NEW YORK (NYT NEWS SERVICE).- Thanks in part to a donation from the estate of one of England’s most esteemed poets — and some dancing cats — the Brontė Parsonage Museum’s doors will remain open, for now.

The estate of T.S. Eliot has gifted the struggling museum, which reopened in late August after being closed since March, 20,000 pounds (or approximately $26,000) last week. The donation was first reported by the BBC.

The parsonage, located in Haworth, said it was facing a loss of expected income of more than 500,000 pounds because of the coronavirus pandemic.
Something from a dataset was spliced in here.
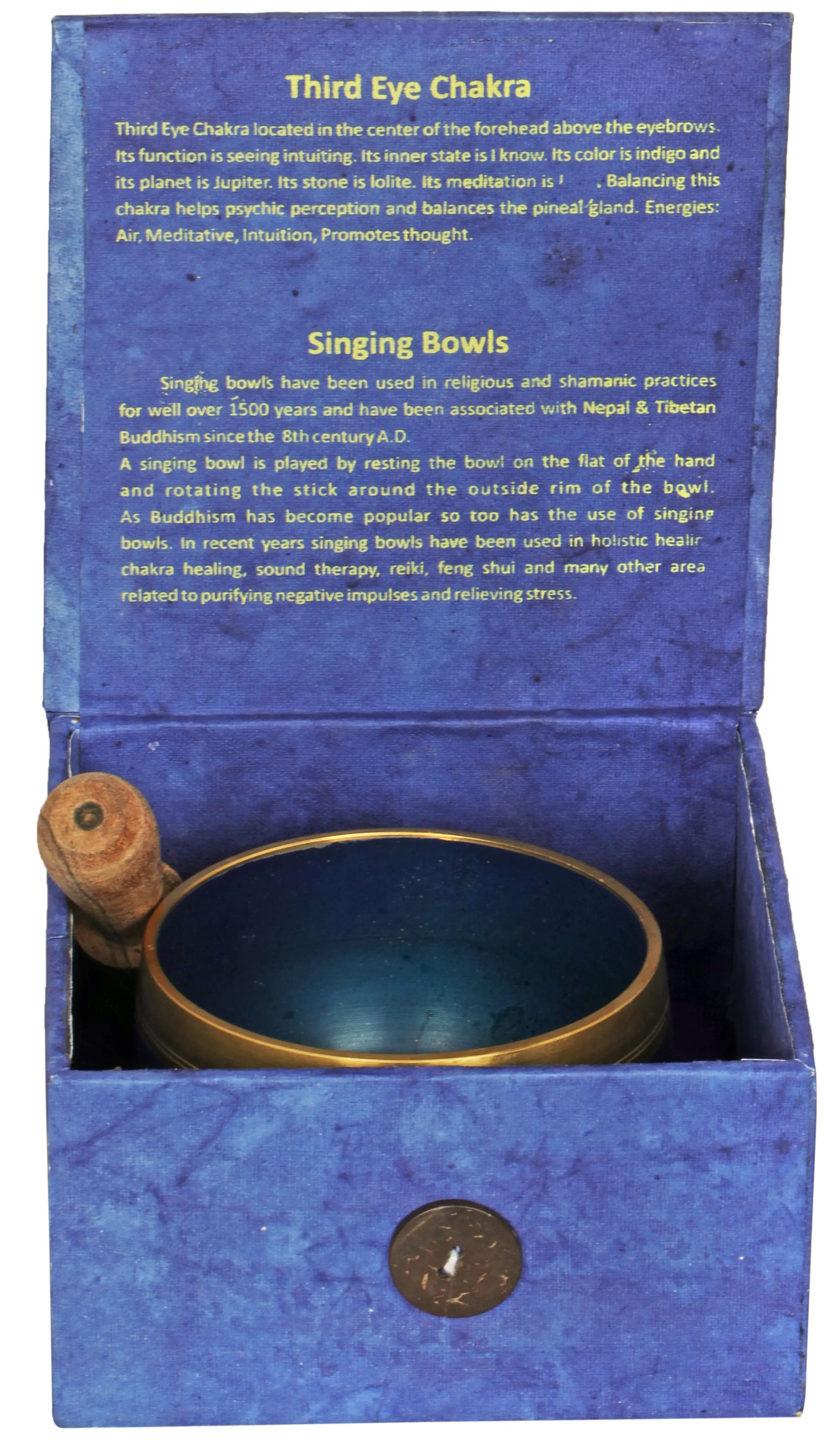 This exquisite Tibetan singing bowl is more than just a beautiful artifact; it is a tool designed to awaken your inner perceptions and connect you with a deeper state of consciousness. Crafted from a harmonious blend of brass and wood, this bowl is intended to resonate with the Ajna chakra, commonly known as the third eye. In various spiritual traditions, the third eye is considered the seat of intuition, perception, and psychic awareness. Ancient yogis and mystics sought to open this inner gateway to gain profound insights and spiritual understanding. This bowl, with its deep, resonant sound, is believed to aid in this very process. The deep, enigmatic blue of the bowl evokes the vastness of the night sky, a canvas for stars and celestial wisdom, mirroring the boundless potential of the third eye. The gleaming brass rim serves as a halo of enlightenment, drawing the eye and symbolizing the radiant nature of awakened consciousness. When gently struck or circled with the accompanying wooden mallet, the bowl emits a pure, sustained tone. This sound is thought to vibrate at frequencies that harmonize with the Ajna chakra, clearing energetic blockages and promoting a state of mental clarity.

There is a connection between Eliot and the Brontės: The “Bradford millionaire” who appears in the Eliot poem “The Waste Land” is thought to be Sir James Roberts, a Yorkshire philanthropist who was also a customer at the bank where Eliot worked. Roberts donated Haworth Parsonage — once the home of the Brontė sisters, Charlotte, Emily and Anne — to the Brontė Society, which operates the museum, in 1928. Roberts knew the family as a child.

But the Eliot estate’s gift didn’t come with any fanfare: Rebecca Yorke, the head of communications and marketing at the Brontė Society, said she discovered the donation when it showed up on the museum’s crowdfunding campaign page with a message of support. “Realizing that it was from the T.S. Eliot estate was a very special moment,” she said.

Yorke said the Eliot estate told the organization that the donation was possible thanks to the success of the Tony-winning Andrew Lloyd Webber musical “Cats,” which is based on Eliot’s playful 1939 poetry collection “Old Possum’s Book of Practical Cats.”

The parsonage houses the largest collection of Brontė manuscripts and personal possessions in the world and attracts more than 70,000 visitors each year. “Jane Eyre,” by Charlotte Brontė, and “Wuthering Heights,” by Emily Brontė, were both written there.

The museum has been hard hit by the pandemic because more than 70% of the Brontė Society’s income comes from admissions, events and retail, according to its website. The typically busy spring and summer months normally sustain it through the slower winter season.

The museum has furloughed a majority of its staff and applied for grants and emergency funds, but it still faces an end-of-year deficit of 100,000 pounds. As of Tuesday afternoon, its crowdfunding campaign had raised approximately 53,000 pounds.

Yorke said the donation from the Eliot estate gives the museum hope. “We are very grateful for the support,” she said, “and are pleased that there is still a connection between Eliot and the Brontės all these years later.”